Data for processing below:
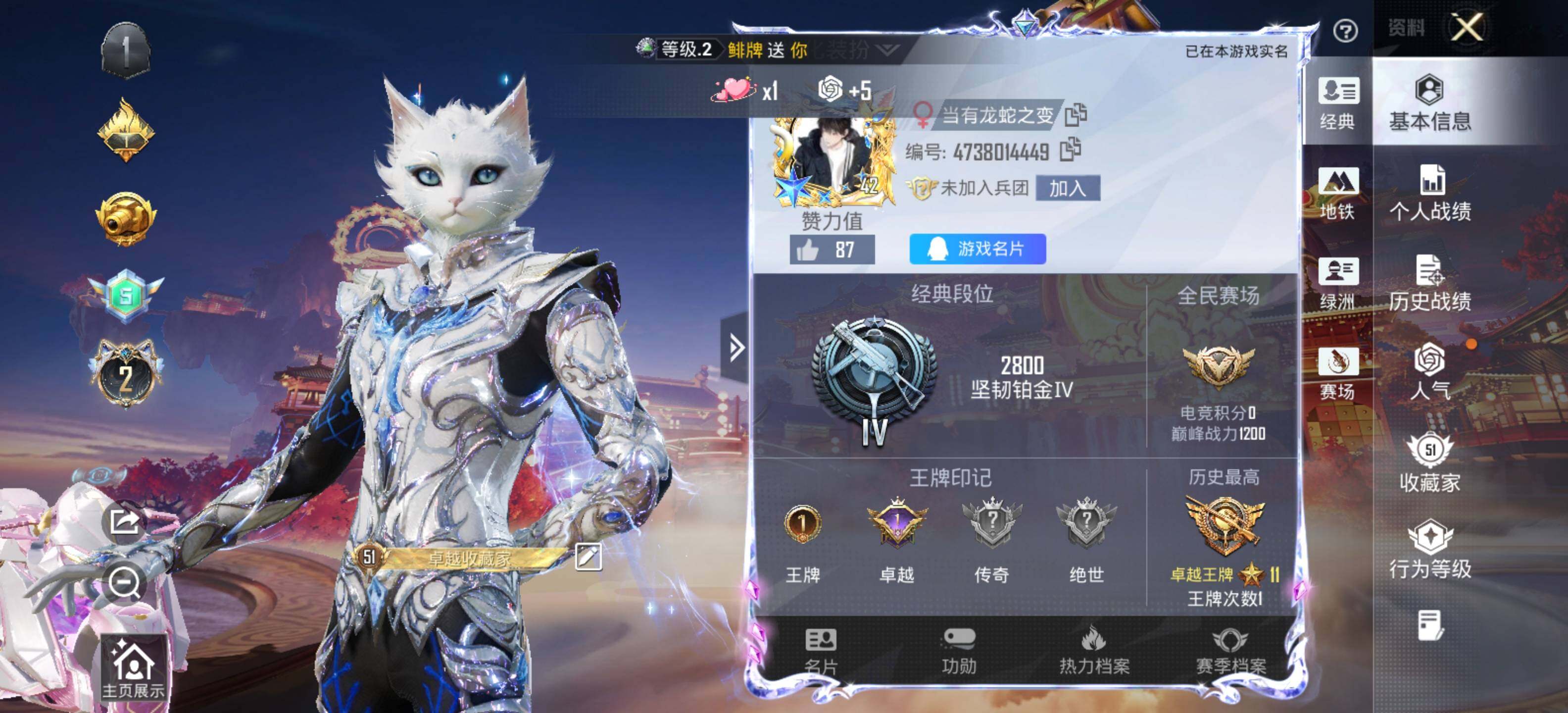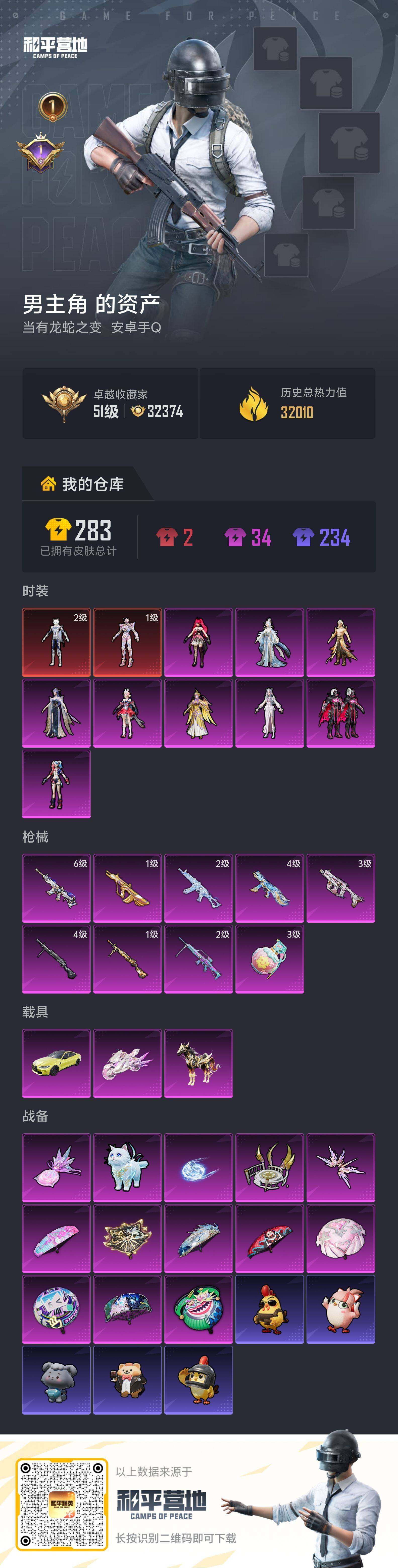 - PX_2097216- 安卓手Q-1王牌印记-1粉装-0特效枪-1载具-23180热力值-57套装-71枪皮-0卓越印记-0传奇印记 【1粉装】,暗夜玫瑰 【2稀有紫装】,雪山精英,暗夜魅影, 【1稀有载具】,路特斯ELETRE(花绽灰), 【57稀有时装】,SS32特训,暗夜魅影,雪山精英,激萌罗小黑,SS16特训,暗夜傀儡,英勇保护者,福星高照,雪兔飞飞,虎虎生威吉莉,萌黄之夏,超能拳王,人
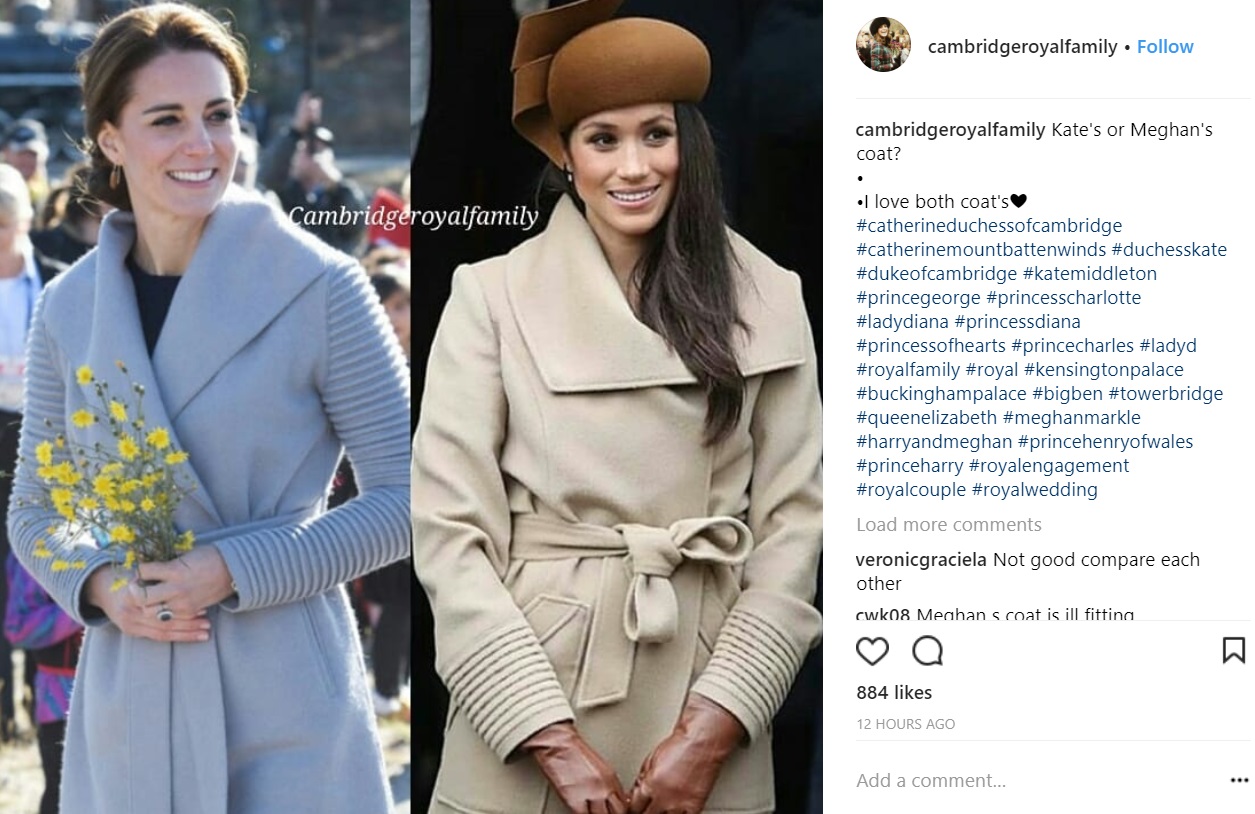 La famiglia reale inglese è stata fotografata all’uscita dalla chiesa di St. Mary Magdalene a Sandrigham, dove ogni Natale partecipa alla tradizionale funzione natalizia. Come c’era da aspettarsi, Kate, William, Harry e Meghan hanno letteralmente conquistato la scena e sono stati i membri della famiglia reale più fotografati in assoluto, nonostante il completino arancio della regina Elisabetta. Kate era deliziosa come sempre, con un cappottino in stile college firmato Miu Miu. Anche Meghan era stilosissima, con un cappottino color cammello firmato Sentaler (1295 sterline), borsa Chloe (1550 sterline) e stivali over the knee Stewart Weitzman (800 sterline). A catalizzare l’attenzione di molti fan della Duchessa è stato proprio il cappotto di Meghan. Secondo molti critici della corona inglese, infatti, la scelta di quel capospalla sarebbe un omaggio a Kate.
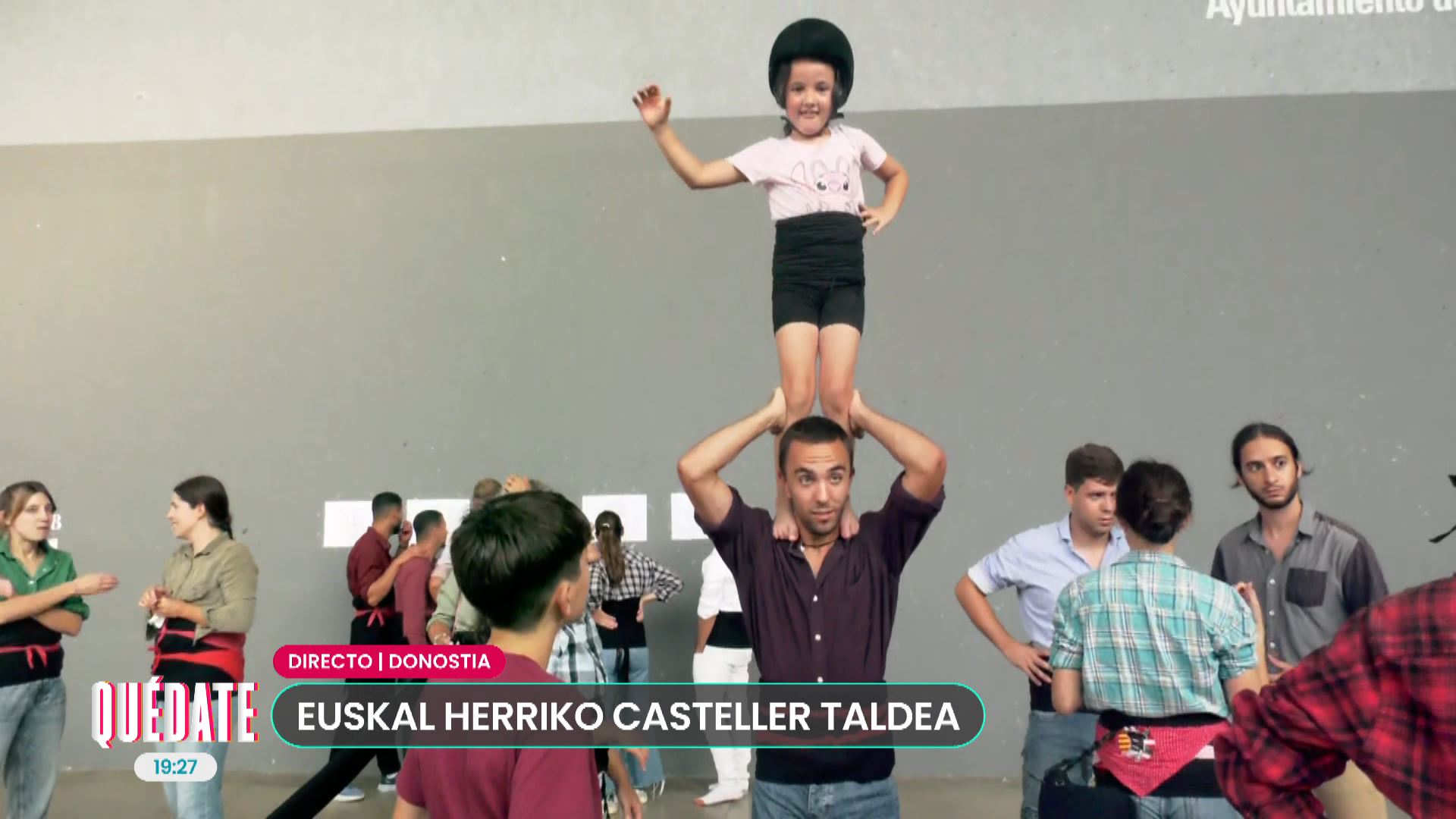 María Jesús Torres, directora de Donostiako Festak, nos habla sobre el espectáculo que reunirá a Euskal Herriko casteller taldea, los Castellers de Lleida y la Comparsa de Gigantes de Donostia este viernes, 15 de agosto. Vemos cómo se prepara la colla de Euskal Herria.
End of Data for processing.
Data for processing below:
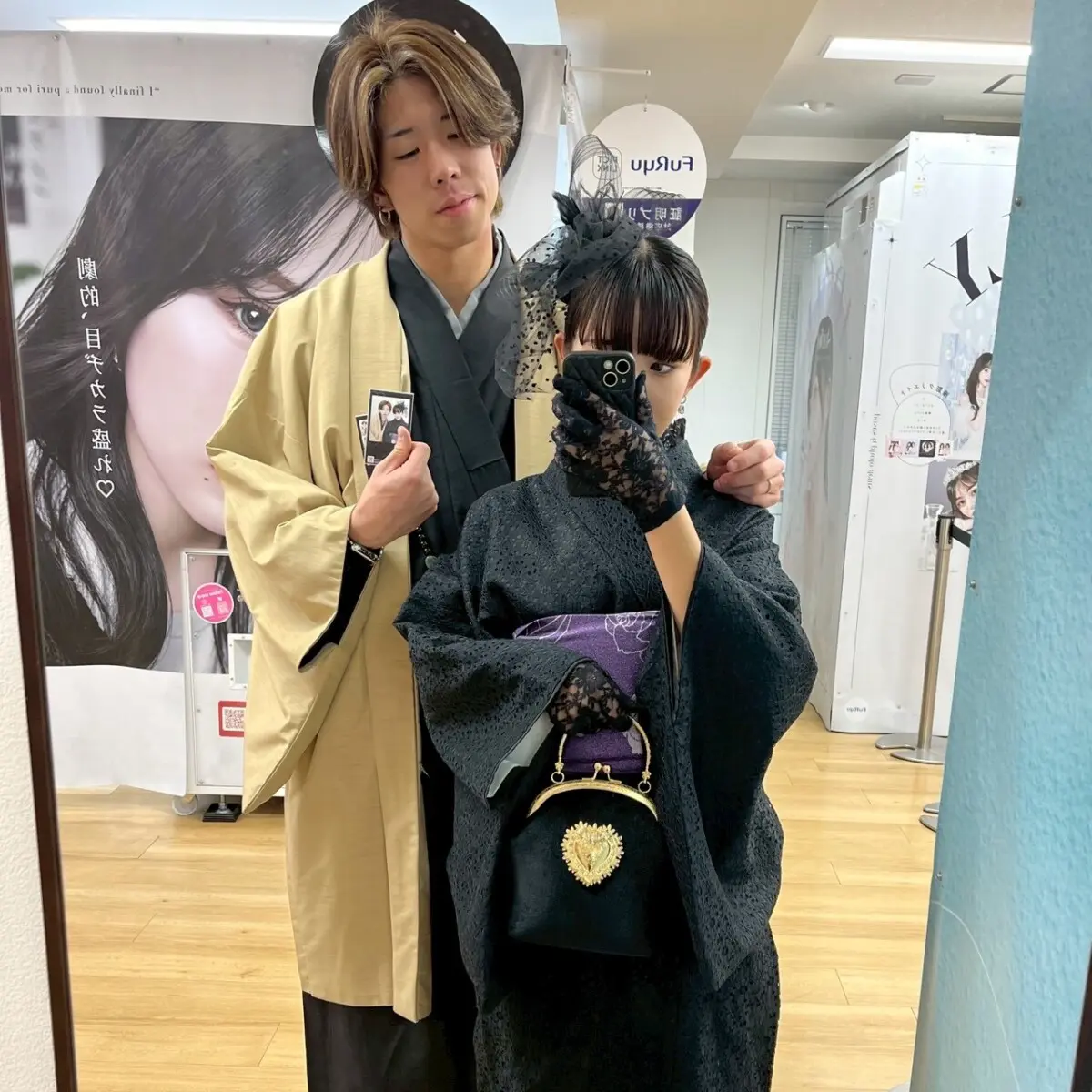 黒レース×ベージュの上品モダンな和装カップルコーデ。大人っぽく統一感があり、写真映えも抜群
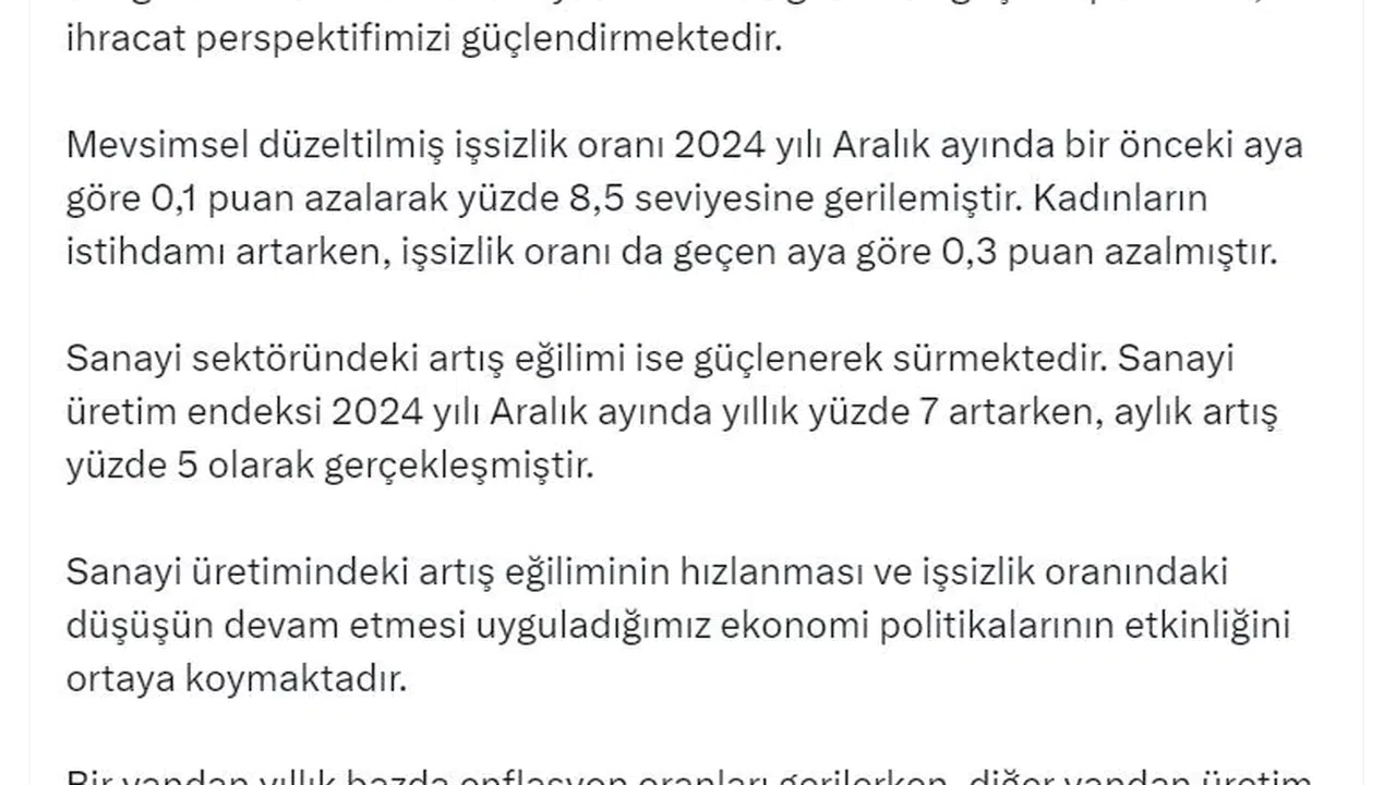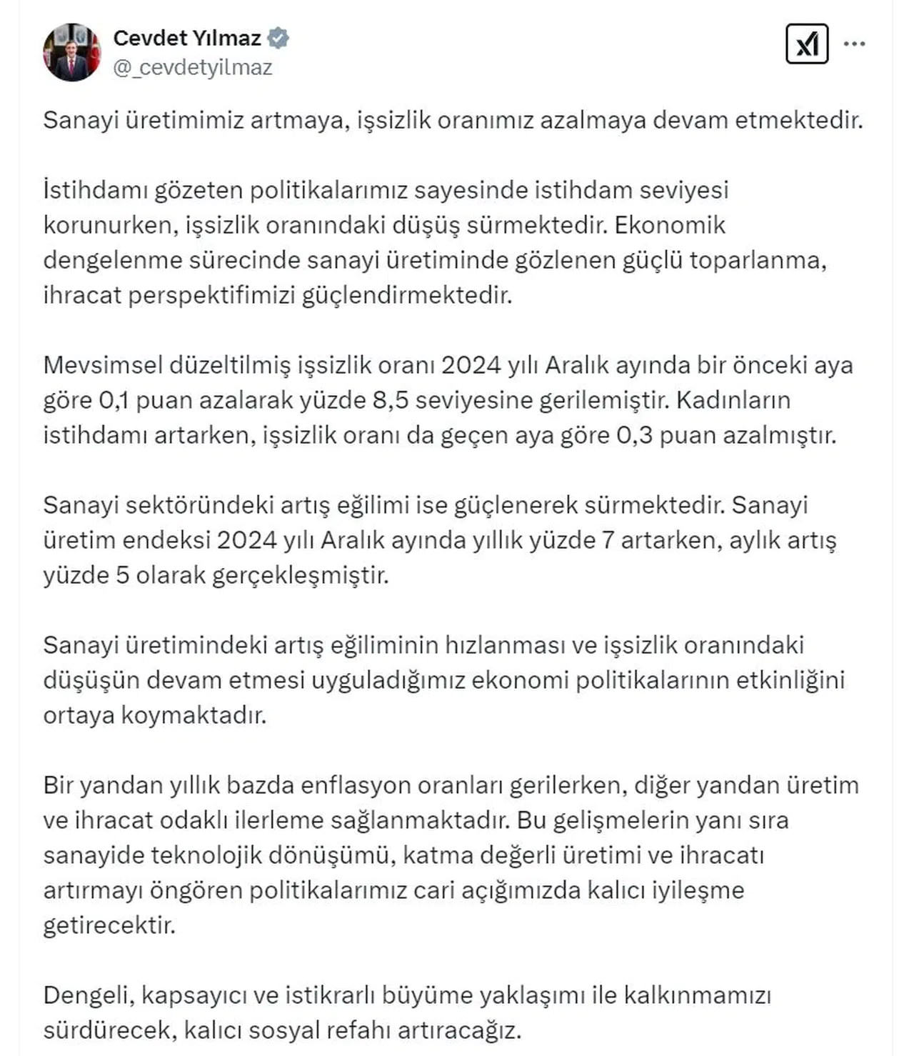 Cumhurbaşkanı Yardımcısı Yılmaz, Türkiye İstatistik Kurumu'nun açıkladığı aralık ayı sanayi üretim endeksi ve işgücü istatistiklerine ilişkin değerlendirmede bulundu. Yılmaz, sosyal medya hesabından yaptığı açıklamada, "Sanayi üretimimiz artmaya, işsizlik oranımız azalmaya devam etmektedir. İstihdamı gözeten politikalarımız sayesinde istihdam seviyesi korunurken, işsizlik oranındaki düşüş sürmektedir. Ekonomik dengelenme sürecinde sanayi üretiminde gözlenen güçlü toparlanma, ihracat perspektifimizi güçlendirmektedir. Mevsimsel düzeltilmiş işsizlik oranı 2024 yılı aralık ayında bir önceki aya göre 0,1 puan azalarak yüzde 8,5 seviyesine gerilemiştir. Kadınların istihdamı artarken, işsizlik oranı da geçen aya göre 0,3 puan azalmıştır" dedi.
End of Data for processing.
■ **What to work on**:
The answer must be the part of the records that opens with the line containing "黒レース×ベージュの上品モダ" and closes with the line containing "Cumhurbaşkanı Yardımcısı Yılmaz, Türkiye", reproduced exactly, with no pictures.

■ **Response to the task**:
 黒レース×ベージュの上品モダンな和装カップルコーデ。大人っぽく統一感があり、写真映えも抜群
 Cumhurbaşkanı Yardımcısı Yılmaz, Türkiye İstatistik Kurumu'nun açıkladığı aralık ayı sanayi üretim endeksi ve işgücü istatistiklerine ilişkin değerlendirmede bulundu. Yılmaz, sosyal medya hesabından yaptığı açıklamada, "Sanayi üretimimiz artmaya, işsizlik oranımız azalmaya devam etmektedir. İstihdamı gözeten politikalarımız sayesinde istihdam seviyesi korunurken, işsizlik oranındaki düşüş sürmektedir. Ekonomik dengelenme sürecinde sanayi üretiminde gözlenen güçlü toparlanma, ihracat perspektifimizi güçlendirmektedir. Mevsimsel düzeltilmiş işsizlik oranı 2024 yılı aralık ayında bir önceki aya göre 0,1 puan azalarak yüzde 8,5 seviyesine gerilemiştir. Kadınların istihdamı artarken, işsizlik oranı da geçen aya göre 0,3 puan azalmıştır" dedi.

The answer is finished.